**Activity**
Please reproduce all of the listing below exactly and drop its images.

**Provided records**
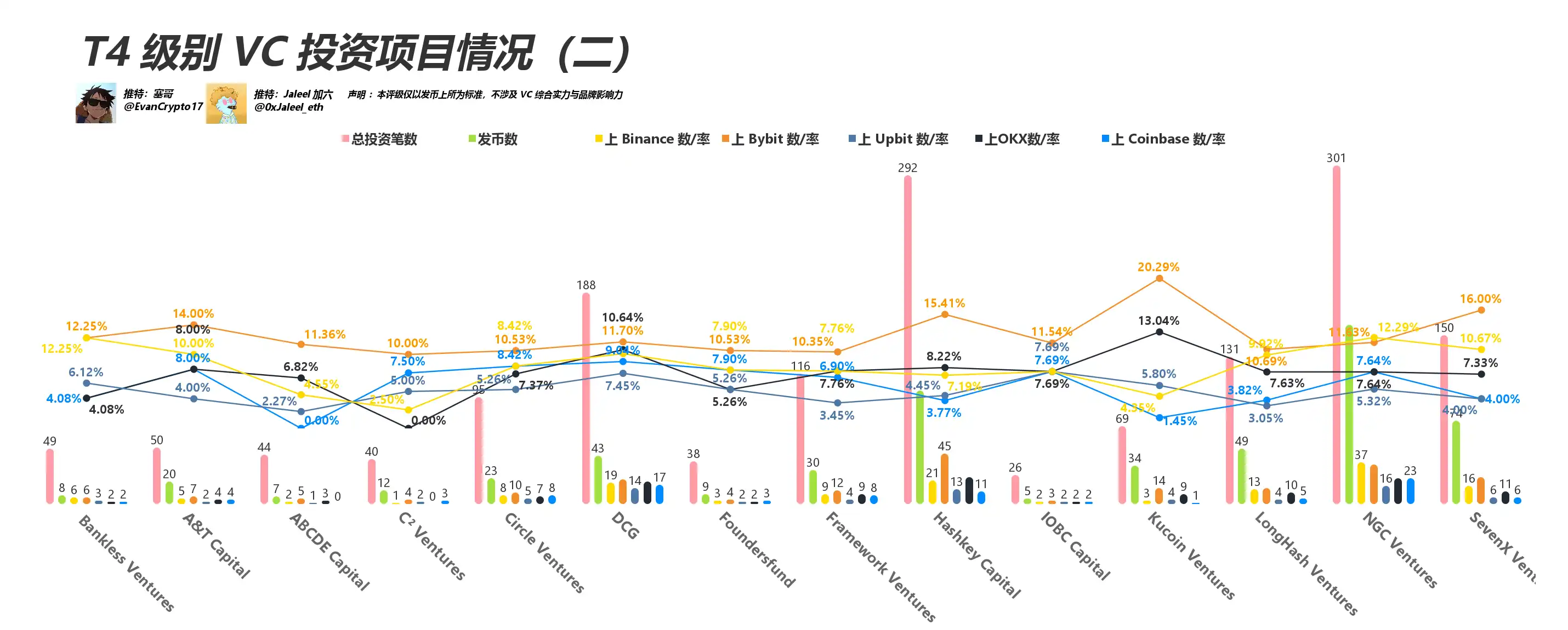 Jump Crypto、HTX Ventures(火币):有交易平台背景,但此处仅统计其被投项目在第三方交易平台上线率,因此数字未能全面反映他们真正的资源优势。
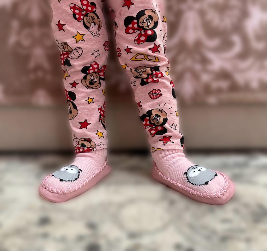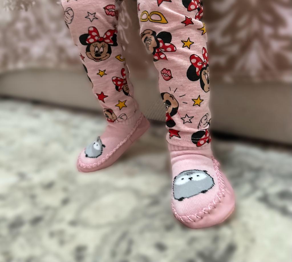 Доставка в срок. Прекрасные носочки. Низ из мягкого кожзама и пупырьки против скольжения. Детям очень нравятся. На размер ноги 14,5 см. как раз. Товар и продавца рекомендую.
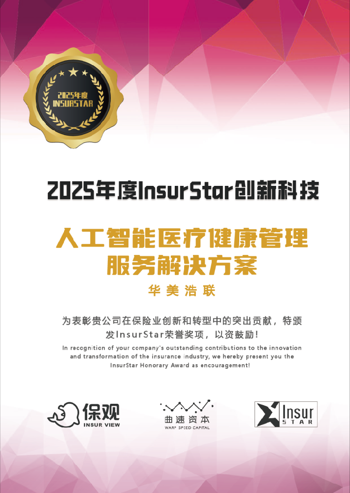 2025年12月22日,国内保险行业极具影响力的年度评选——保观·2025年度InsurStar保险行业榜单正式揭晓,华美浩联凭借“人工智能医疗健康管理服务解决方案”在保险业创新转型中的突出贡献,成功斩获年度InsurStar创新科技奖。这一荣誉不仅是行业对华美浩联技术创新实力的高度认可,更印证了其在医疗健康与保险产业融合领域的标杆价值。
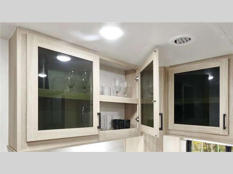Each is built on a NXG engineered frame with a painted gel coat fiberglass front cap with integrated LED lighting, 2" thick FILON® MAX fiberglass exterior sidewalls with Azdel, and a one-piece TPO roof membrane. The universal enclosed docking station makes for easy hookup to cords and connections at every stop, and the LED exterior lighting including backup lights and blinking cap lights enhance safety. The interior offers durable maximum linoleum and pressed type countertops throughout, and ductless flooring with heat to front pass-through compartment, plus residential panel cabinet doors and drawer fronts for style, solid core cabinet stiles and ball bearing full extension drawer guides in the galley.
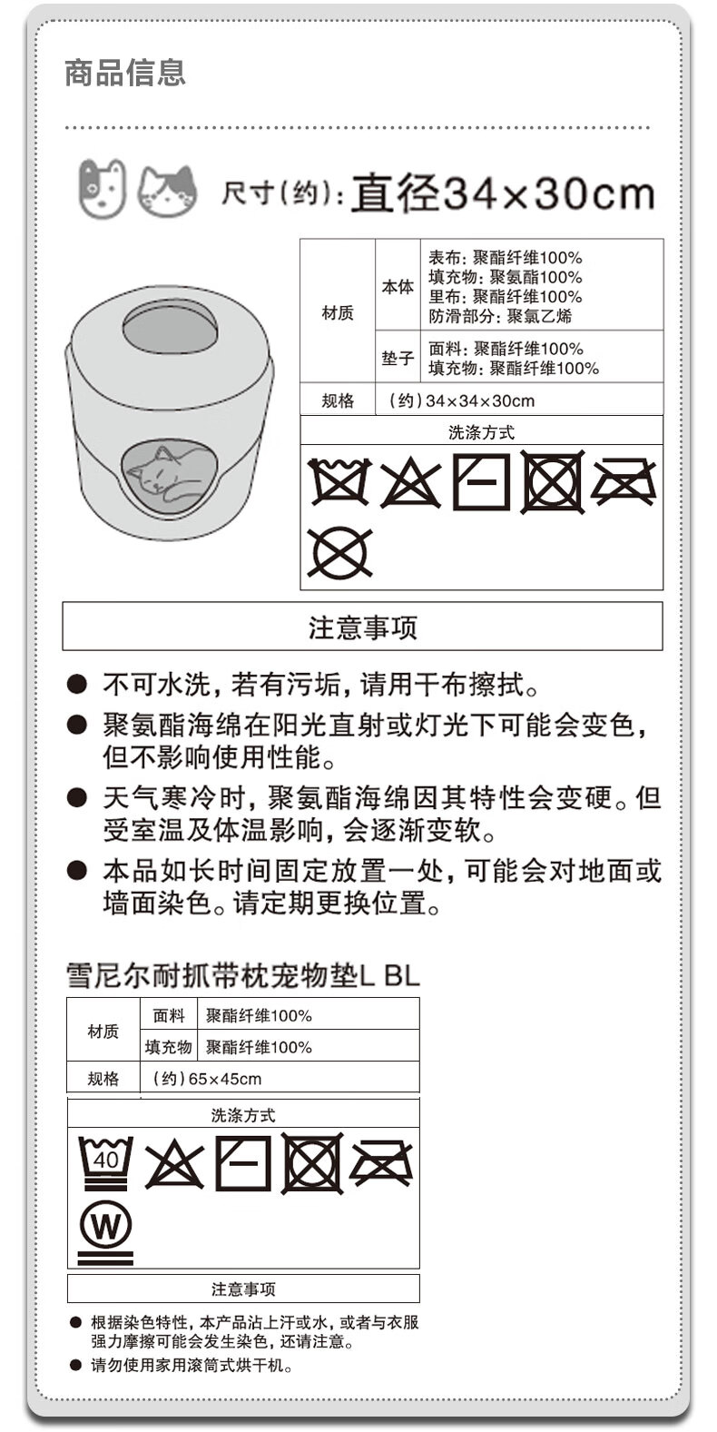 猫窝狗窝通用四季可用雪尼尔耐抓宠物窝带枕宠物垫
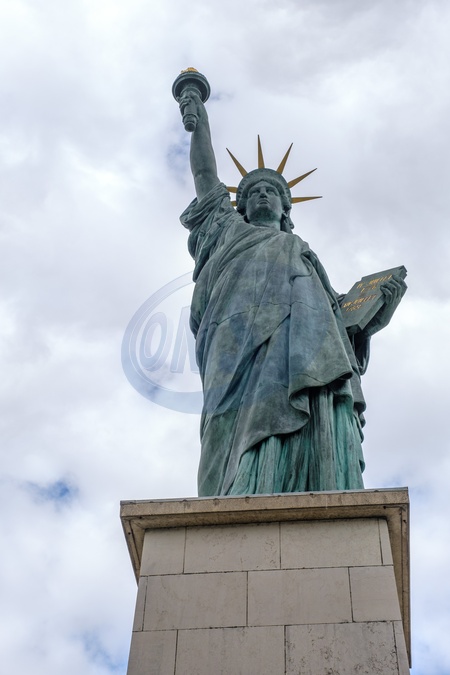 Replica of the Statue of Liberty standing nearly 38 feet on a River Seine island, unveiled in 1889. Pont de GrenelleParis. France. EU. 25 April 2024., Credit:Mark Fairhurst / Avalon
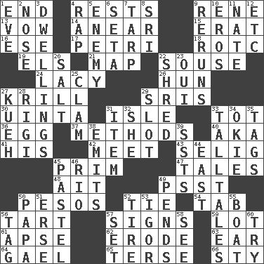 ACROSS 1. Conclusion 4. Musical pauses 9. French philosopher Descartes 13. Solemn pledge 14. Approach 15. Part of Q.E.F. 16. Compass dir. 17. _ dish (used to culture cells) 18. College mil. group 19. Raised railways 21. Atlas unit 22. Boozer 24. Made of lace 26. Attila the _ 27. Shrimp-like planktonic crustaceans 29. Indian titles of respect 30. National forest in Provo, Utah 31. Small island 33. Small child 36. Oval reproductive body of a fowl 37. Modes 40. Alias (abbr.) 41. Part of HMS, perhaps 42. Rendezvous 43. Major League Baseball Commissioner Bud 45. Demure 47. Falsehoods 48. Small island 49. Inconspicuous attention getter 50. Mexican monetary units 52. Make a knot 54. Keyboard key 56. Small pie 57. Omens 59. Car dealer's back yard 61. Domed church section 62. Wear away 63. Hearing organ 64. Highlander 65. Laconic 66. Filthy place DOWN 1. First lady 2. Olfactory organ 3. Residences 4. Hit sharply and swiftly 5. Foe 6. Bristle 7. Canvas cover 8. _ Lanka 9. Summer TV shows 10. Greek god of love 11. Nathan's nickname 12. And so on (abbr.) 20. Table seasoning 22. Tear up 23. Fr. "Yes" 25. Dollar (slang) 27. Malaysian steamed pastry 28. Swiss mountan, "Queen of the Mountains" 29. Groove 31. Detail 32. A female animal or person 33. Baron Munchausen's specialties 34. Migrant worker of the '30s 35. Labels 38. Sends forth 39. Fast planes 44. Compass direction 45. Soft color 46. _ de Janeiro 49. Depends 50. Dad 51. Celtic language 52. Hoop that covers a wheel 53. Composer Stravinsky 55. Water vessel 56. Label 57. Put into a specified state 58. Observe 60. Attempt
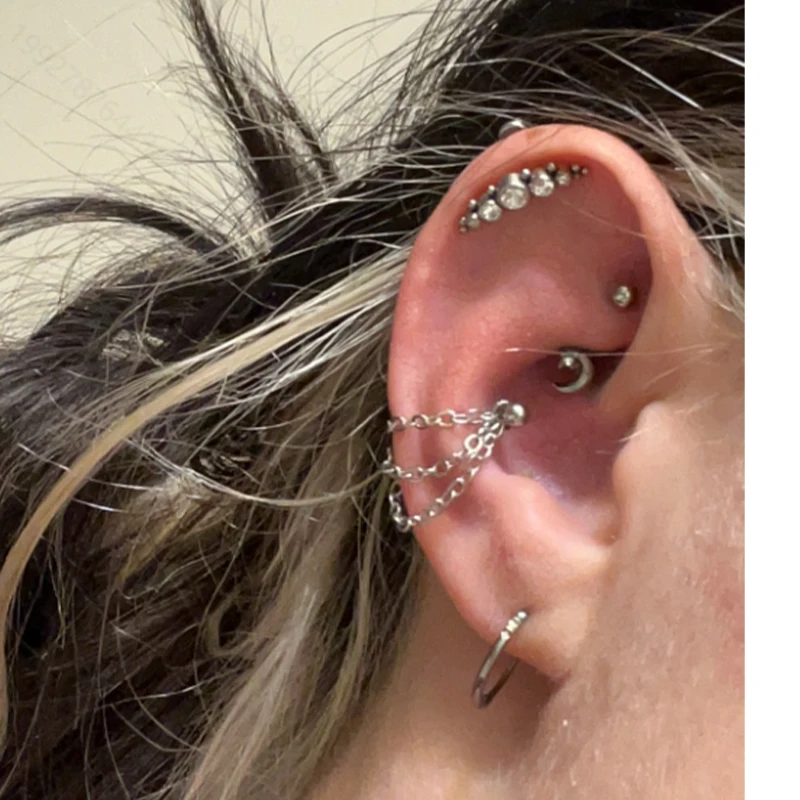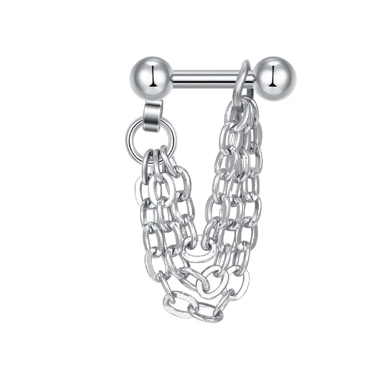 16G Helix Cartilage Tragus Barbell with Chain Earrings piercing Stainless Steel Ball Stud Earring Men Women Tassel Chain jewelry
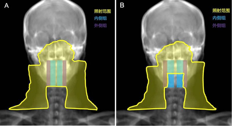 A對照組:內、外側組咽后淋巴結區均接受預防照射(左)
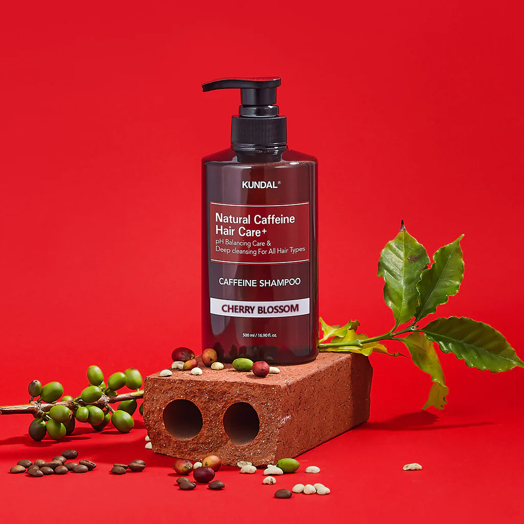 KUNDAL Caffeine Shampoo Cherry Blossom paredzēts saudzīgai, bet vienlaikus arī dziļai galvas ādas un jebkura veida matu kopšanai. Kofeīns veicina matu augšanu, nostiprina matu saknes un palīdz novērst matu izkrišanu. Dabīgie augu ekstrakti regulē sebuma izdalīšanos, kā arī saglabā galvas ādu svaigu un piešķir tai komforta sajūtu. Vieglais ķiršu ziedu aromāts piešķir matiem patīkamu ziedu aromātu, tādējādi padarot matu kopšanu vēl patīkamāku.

**Reply**
 Jump Crypto、HTX Ventures(火币):有交易平台背景,但此处仅统计其被投项目在第三方交易平台上线率,因此数字未能全面反映他们真正的资源优势。
 Доставка в срок. Прекрасные носочки. Низ из мягкого кожзама и пупырьки против скольжения. Детям очень нравятся. На размер ноги 14,5 см. как раз. Товар и продавца рекомендую.
 2025年12月22日,国内保险行业极具影响力的年度评选——保观·2025年度InsurStar保险行业榜单正式揭晓,华美浩联凭借“人工智能医疗健康管理服务解决方案”在保险业创新转型中的突出贡献,成功斩获年度InsurStar创新科技奖。这一荣誉不仅是行业对华美浩联技术创新实力的高度认可,更印证了其在医疗健康与保险产业融合领域的标杆价值。
Each is built on a NXG engineered frame with a painted gel coat fiberglass front cap with integrated LED lighting, 2" thick FILON® MAX fiberglass exterior sidewalls with Azdel, and a one-piece TPO roof membrane. The universal enclosed docking station makes for easy hookup to cords and connections at every stop, and the LED exterior lighting including backup lights and blinking cap lights enhance safety. The interior offers durable maximum linoleum and pressed type countertops throughout, and ductless flooring with heat to front pass-through compartment, plus residential panel cabinet doors and drawer fronts for style, solid core cabinet stiles and ball bearing full extension drawer guides in the galley.
 猫窝狗窝通用四季可用雪尼尔耐抓宠物窝带枕宠物垫
 Replica of the Statue of Liberty standing nearly 38 feet on a River Seine island, unveiled in 1889. Pont de GrenelleParis. France. EU. 25 April 2024., Credit:Mark Fairhurst / Avalon
 ACROSS 1. Conclusion 4. Musical pauses 9. French philosopher Descartes 13. Solemn pledge 14. Approach 15. Part of Q.E.F. 16. Compass dir. 17. _ dish (used to culture cells) 18. College mil. group 19. Raised railways 21. Atlas unit 22. Boozer 24. Made of lace 26. Attila the _ 27. Shrimp-like planktonic crustaceans 29. Indian titles of respect 30. National forest in Provo, Utah 31. Small island 33. Small child 36. Oval reproductive body of a fowl 37. Modes 40. Alias (abbr.) 41. Part of HMS, perhaps 42. Rendezvous 43. Major League Baseball Commissioner Bud 45. Demure 47. Falsehoods 48. Small island 49. Inconspicuous attention getter 50. Mexican monetary units 52. Make a knot 54. Keyboard key 56. Small pie 57. Omens 59. Car dealer's back yard 61. Domed church section 62. Wear away 63. Hearing organ 64. Highlander 65. Laconic 66. Filthy place DOWN 1. First lady 2. Olfactory organ 3. Residences 4. Hit sharply and swiftly 5. Foe 6. Bristle 7. Canvas cover 8. _ Lanka 9. Summer TV shows 10. Greek god of love 11. Nathan's nickname 12. And so on (abbr.) 20. Table seasoning 22. Tear up 23. Fr. "Yes" 25. Dollar (slang) 27. Malaysian steamed pastry 28. Swiss mountan, "Queen of the Mountains" 29. Groove 31. Detail 32. A female animal or person 33. Baron Munchausen's specialties 34. Migrant worker of the '30s 35. Labels 38. Sends forth 39. Fast planes 44. Compass direction 45. Soft color 46. _ de Janeiro 49. Depends 50. Dad 51. Celtic language 52. Hoop that covers a wheel 53. Composer Stravinsky 55. Water vessel 56. Label 57. Put into a specified state 58. Observe 60. Attempt
 16G Helix Cartilage Tragus Barbell with Chain Earrings piercing Stainless Steel Ball Stud Earring Men Women Tassel Chain jewelry
 A對照組:內、外側組咽后淋巴結區均接受預防照射(左)
 KUNDAL Caffeine Shampoo Cherry Blossom paredzēts saudzīgai, bet vienlaikus arī dziļai galvas ādas un jebkura veida matu kopšanai. Kofeīns veicina matu augšanu, nostiprina matu saknes un palīdz novērst matu izkrišanu. Dabīgie augu ekstrakti regulē sebuma izdalīšanos, kā arī saglabā galvas ādu svaigu un piešķir tai komforta sajūtu. Vieglais ķiršu ziedu aromāts piešķir matiem patīkamu ziedu aromātu, tādējādi padarot matu kopšanu vēl patīkamāku.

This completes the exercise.